* _Data block_
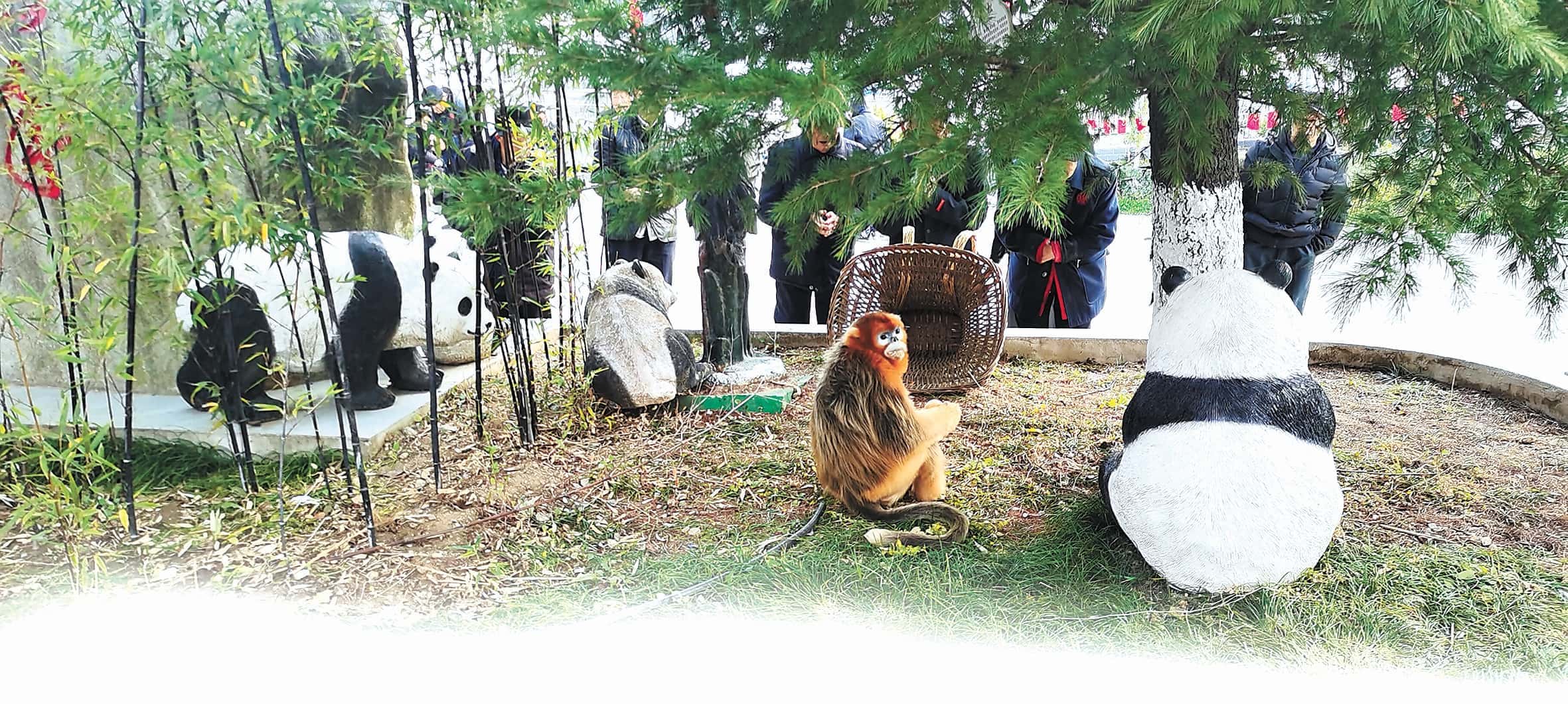 2023年12月4日,一只体格硕大的川金丝猴来到县城以北2公里处的佛坪县中心敬老院。“猴哥”大摇大摆,爬上雪松树,眼睛直瞪着树下的熊猫雕塑,似乎在惊诧发问:“你咋也来了?”
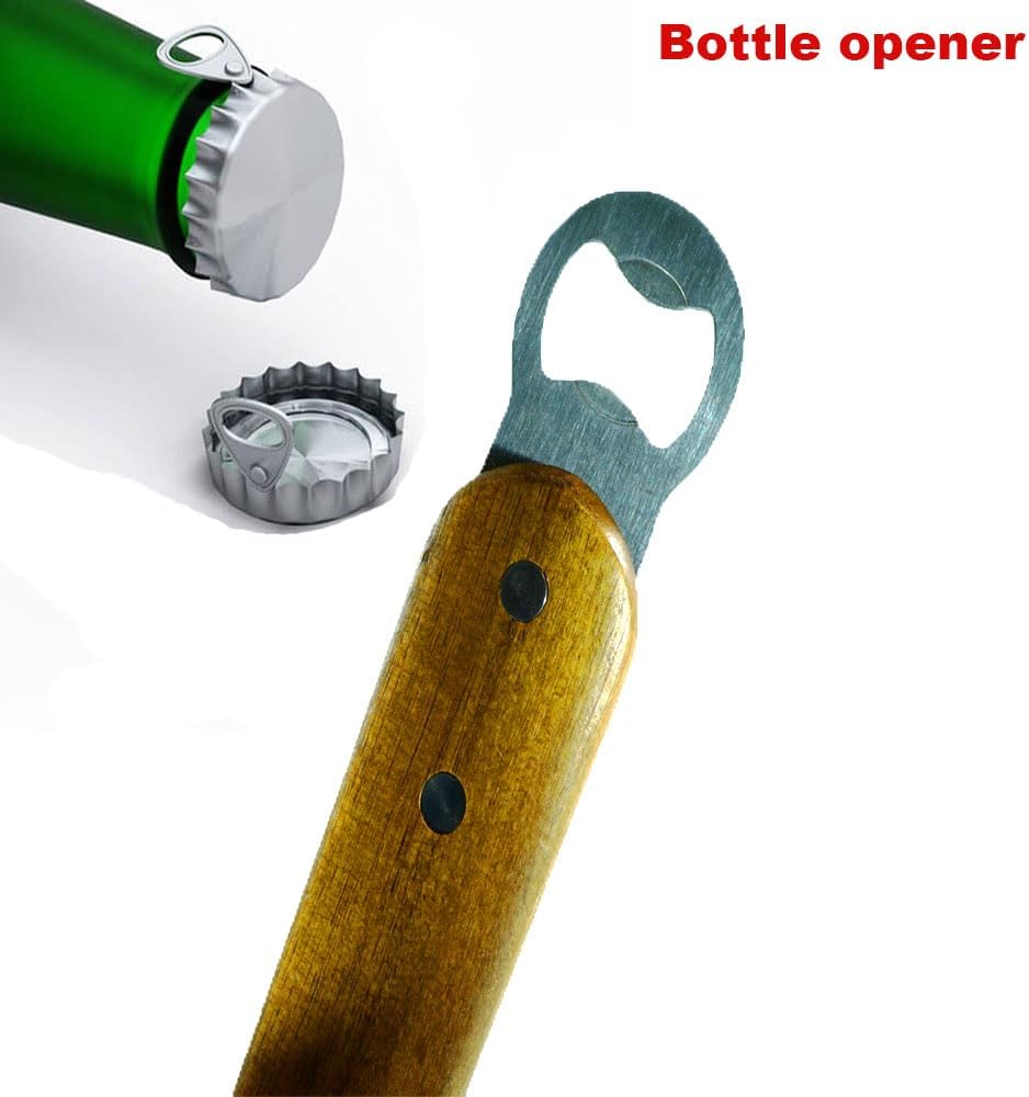 - BBQ utensils for easy handling! The 4-in-1 BBQ Spatula (with Spatula Tongs Cutter Bottle opener, function) and Meat Fork in our BBQ Utensils are both 16 in .5OZ, providing plenty of range, comfort and durability. No small, flimsy grilling tools here!
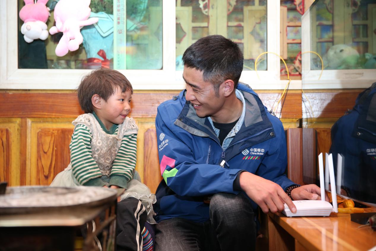中国移动四川公司工作人员在甘孜州提吾村村民家安装宽带

* _Exercise goal_
Copy out the data above exactly, except the pictures.

* _Reply_
 2023年12月4日,一只体格硕大的川金丝猴来到县城以北2公里处的佛坪县中心敬老院。“猴哥”大摇大摆,爬上雪松树,眼睛直瞪着树下的熊猫雕塑,似乎在惊诧发问:“你咋也来了?”
 - BBQ utensils for easy handling! The 4-in-1 BBQ Spatula (with Spatula Tongs Cutter Bottle opener, function) and Meat Fork in our BBQ Utensils are both 16 in .5OZ, providing plenty of range, comfort and durability. No small, flimsy grilling tools here!
中国移动四川公司工作人员在甘孜州提吾村村民家安装宽带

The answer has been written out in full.